The invention describes a method for engineering interfaces between metals and the oxides of metals, and more particularly to a process to increase the strength and stability of an oxide-metal interface.
Metals deposited on an oxide surface generally do not wet the surface because the metal-to-oxide interaction is relatively weak. At room temperature, metal islands form on an oxide surface and grow until they merge into a metal overlayer. The morphology of the resulting metal layer is thus quite variable within several nanometers (nm) of the oxide surface, and the resulting interface is also quite non-uniform and weak. To strengthen the interface, reactive metals are sometimes added, such as brazing compounds. However, it is sometimes undesirable for such metals to be added because they often react with the oxide to form an intermediate layer which is poorly defined and contrary to the desired structure, such as within a microelectronics device.
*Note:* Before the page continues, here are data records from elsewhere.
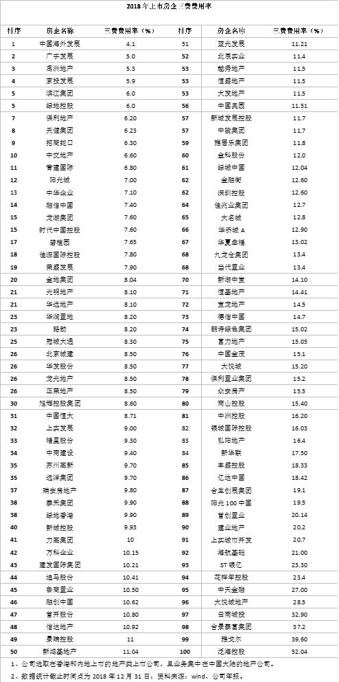 通过wind数据、企业财务报告,中国网地产选取2018年总营业收入在50亿以上,且主营地产业务主要在内地的A股和港股上市房企,剔除数据重复和数据不全的上市房企,形成最终的100家房企三费费用率样本。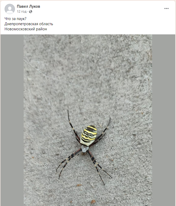 В комментариях под постом сразу сообщили, что это – аргиопа или паук-оса.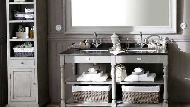 Характерной чертой интерьера французских деревень является присутствие в них дерева и ковки. В своей ванной комнате вы можете использовать деревянные полки. На них удобно раскладывать аккуратно свернутые в рулоны или сложенные стопками полотенца. На стене может появиться кованая вешалка. На ней комфортно будет оставлять одежду. Белье, подготовленное для стирки, нужно собирать плетеные корзины. В уголке с умывальником и комодом может появиться скамейка из лозы. Вся присутствующая мебель, должна поражать массивностью и показной старостью. При отсутствии возможности обставить ванную действительно раритетными экземплярами, вы можете искусственно состарить абсолютно новые мебельные предметы.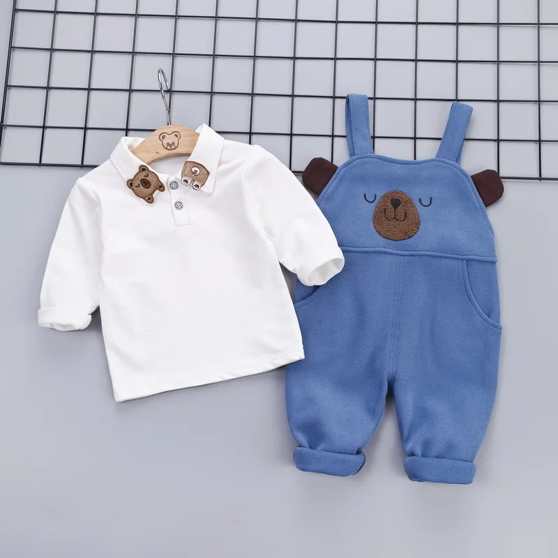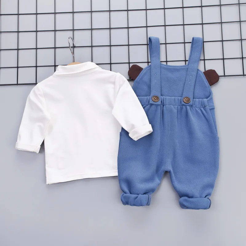 Spring Autumn Boys Girls Casual Clothes 2 Piece Sets Cute Cartoon Overalls+Long Sleeve Shirts Newbo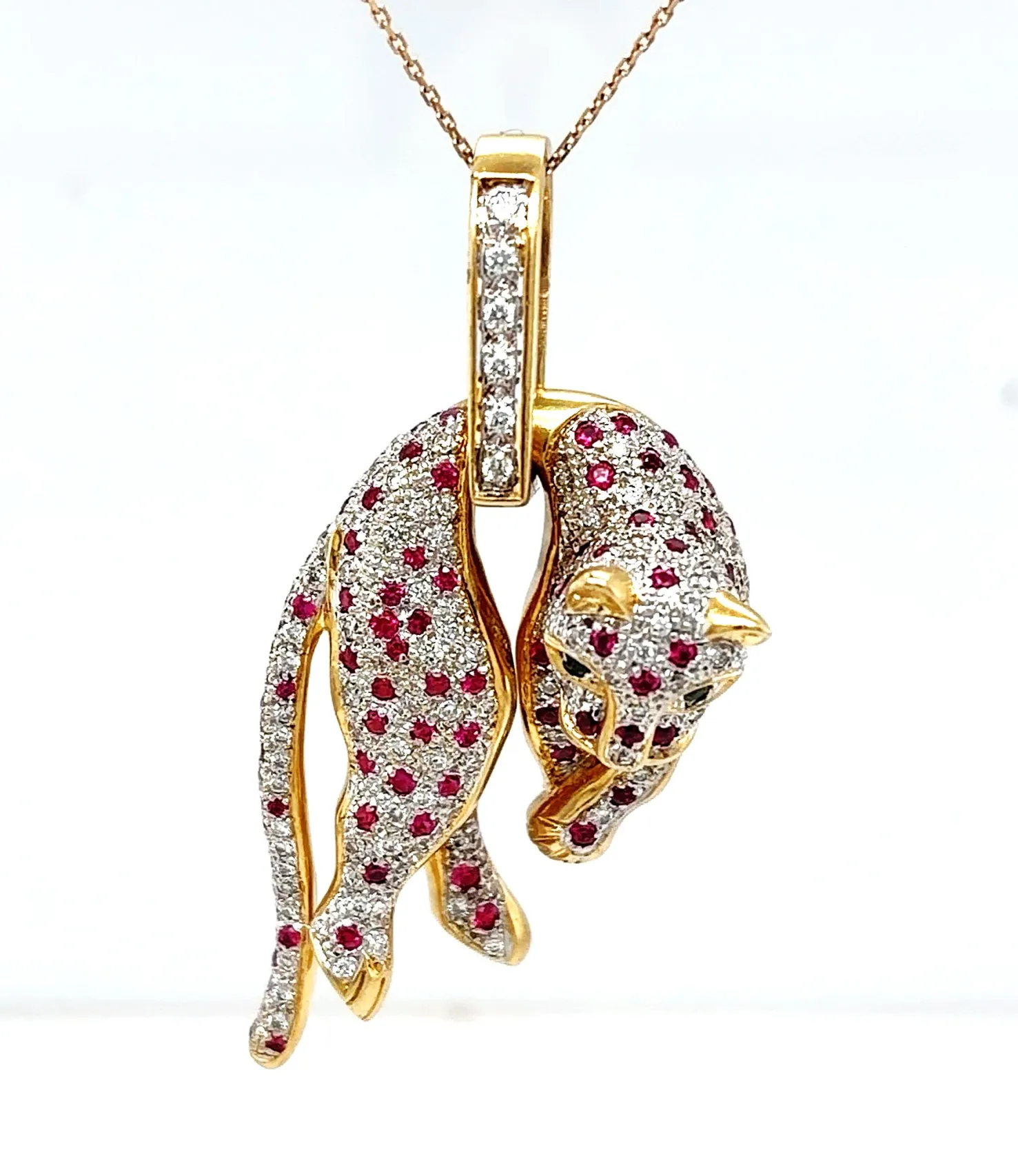 Make a bold and luxurious statement with this 18ct gold panther pendant, masterfully set with vivid rubies, sparkling diamonds, and vibrant emeralds. The intricate design captures the sleek elegance and power of the panther, making it a standout piece in any fine jewellery collection. Crafted in 18ct yellow gold and weighing 22.4g, this pendant is substantial and impressive, yet carefully balanced for comfortable wear. The combination of gemstones creates a dazzling play of colour, highlighting the artistry and attention to detail in every curve and contour. Details:

One example of an application incorporating metal-to-oxide interactions includes prototypes being tested for the next generation of computer memory, magnetic random access memory (MRAM), which contain junction tunneling devices. For example, aluminum can be deposited on a magnetic layer, such as cobalt doped with iron. Subsequent oxidation produces an ultrathin (0.5 nm to less than 2 nm) layer of aluminum oxide. Another magnetic layer must then be deposited on the oxide. It is essential for MRAM applications that this interface be uniform, reproducible, and stable. However, the cobalt-oxide interaction is sufficiently weak to prevent wetting and the weak interfaces which result can be a cause of failure, that is, that the cobalt no longer adequately adheres to the oxide surface. In addition, because the metal grows in a three dimensional fashion on the oxide with islands nucleated at defects such as steps and impurities, there can be a large stochastic variability in structure and consequently a poor magnetization and uniformity in the tunneling resistance produced by the oxide film.
Another area where engineered interfaces can be important is heterogeneous catalysis. Metal particles are produced on a support material, commonly alumina. The dispersion (size) and shapes of the metal particles are important to the rate of the desired chemical reaction. In turn, the shape of the particles depends on the interfacial energy between the metal and the oxide, and can in principle vary from flat two dimensional islands (if strong interactions are present) to three dimensional amorphous or faceted objects having minimal contact to the oxide (if the interaction is very weak). The ability to control this shape by interfacial engineering of the adhesion energy would provide an additional tool for catalyst design.
The sealing of metals to ceramics is yet another application in which adhesion properties are important. In some applications, the use of added reactive metals is undesirable and producing good seals without them requires another method to achieve wetting and interface strength.
Needed is an alternate technique of interfacial engineering that can cause a metal to wet and which allows control or increase of oxide-metal adhesion.